Top Five Fast-Growth Stocks -- April 7

Stock quotes in this article: BUCY , CVS , FCN , PTNR , WFR , WAG , RAD  

Updated from 6:59 a.m. EDT

Each business day, TheStreet.com Ratings compiles a list of the top five stocks in five categories -- fast-growth, all-around value, large-cap, mid-cap and small-cap -- and publishes these lists in the Ratings section of our Web site.

This list is based on data from the close of the previous trading session. Today, fast-growth stocks are in the spotlight. These are stocks of companies that are projected to increase revenue and profit by at least 12% in the coming year and rank near the top of all stocks rated by our proprietary quantitative model, which looks at over 60 factors.

In addition, the stocks must be followed by at least one financial analyst who posts estimates on the Institutional Brokers' Estimate System. Please note that definitions of revenue vary by industry, and this screen does not make adjustments for acquisitions, which can materially affect posted results. Likewise, earnings-per-share growth may be affected by accounting charges, share repurchases and other one-time items.

Note that no provision is made for off-balance-sheet assets such as unrealized appreciation/depreciation of investments, market value of real estate or contingent liabilities that might affect book value. This could be material for some companies with large underfunded pension plans.

Fast-Growth Stocks that Could Double

Bucyrus (BUCY Quote) designs, manufactures and markets equipment for use in surface mining. Products include draglines, electric mining shovels and rotary blasthole drills. The company also provides the aftermarket replacement parts and service for these machines.

Over the life of a machine, customer purchases of aftermarket parts and services generally exceed the original purchase price of the machine. Bucyrus has a network of 26 sales and service offices located in all countries with major surface mining operations, as well as manufacturing facilities in Wisconsin.

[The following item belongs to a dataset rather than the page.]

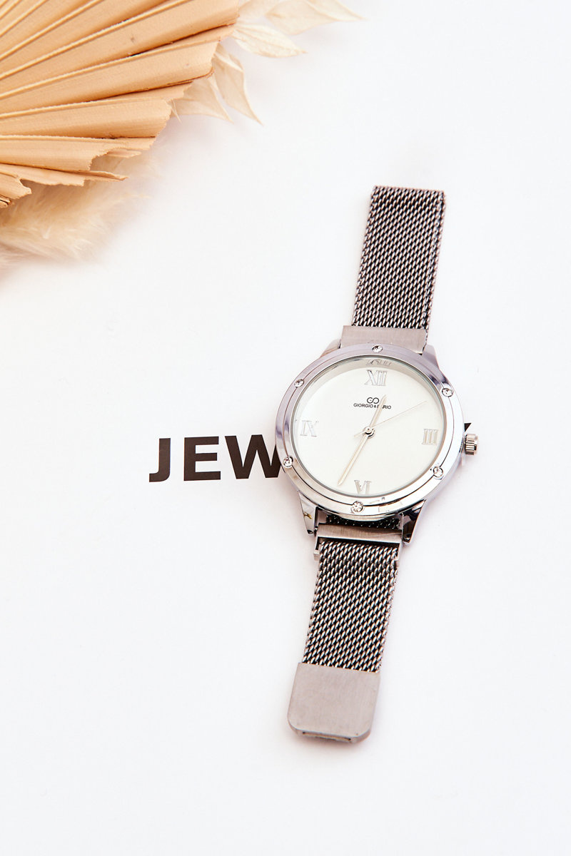 Dámske hodinky boli vyrobené z nehrdzavejúcej ocele. Náramok zo sieťoviny je mimoriadne funkčný, pretože sa zhoduje s rôznymi šírkami zápästia. Môžete ho prispôsobiť svojim vlastným potrebám upevnením magnetu. Obálka má dekoratívne kamienky napodobňujúce kamienky. Na štíte sú rímske čísla. Tieto hodinky majú okrem toho triedu tesnosti WR30M.

Bucyrus has been rated a buy since July 2006. Bucyrus reported impressive revenue growth of 167% year over year in the fourth quarter of 2007. Net income also grew, rising to $61.9 million from $17.5 million a year ago. The company also reported significant earnings per share improvement in the most recent quarter. EPS improved to $1.64, up from 56 cents in the fourth quarter of 2006. It appears that the company's revenue growth helped boost EPS, and we feel that the pattern of EPS growth over the past two years should continue.

Powered by its strong earnings growth and other factors, this stock has surged 121% over the past year. We feel that the company's strengths justify its premium valuation. Bear in mind, however, that the Machinery industry as a whole faces challenges from the recent surge in commodity prices.

Partner Communications (PTNR Quote) operates a mobile telecommunications network based on the Global System for Mobile Communications (GSM) Standard in Israel. The company markets its services by capitalizing on the international Orange brand, which is licensed to the company and has been used successfully in other markets to promote mobile telephone services.

Market surveys show that it has achieved strong brand awareness in Israel. In addition to standard and enhanced GSM services, the company also offers value-added services and products such as roaming, voice mail, voice messaging, color picture messaging, ringtone and game downloads, and information services.

Our buy rating for Partner Communications has not changed since September 2004. Our rating is based on the company's strong revenue and earnings growth, improved gross profit margin and attractive returns. For the fourth quarter of fiscal 2007, revenue grew 31% year over year to $471.7 million, propelled by strong revenue growth from the service and equipment businesses. This revenue growth led to improvements in the company's gross profit margin, which improved 126 basis points to 42.39%.

In addition, net income for the fourth quarter increased significantly to $85.4 million from $40.8 million a year ago. Moreover, the company's return on equity expanded 246 basis points to 56.77% year over year, while return on assets moved up 416 basis points to 18.68%. These positive factors are further strengthened by healthy cash levels. Cash and equivalents more than doubled year over year in the fourth quarter to $38.5 million.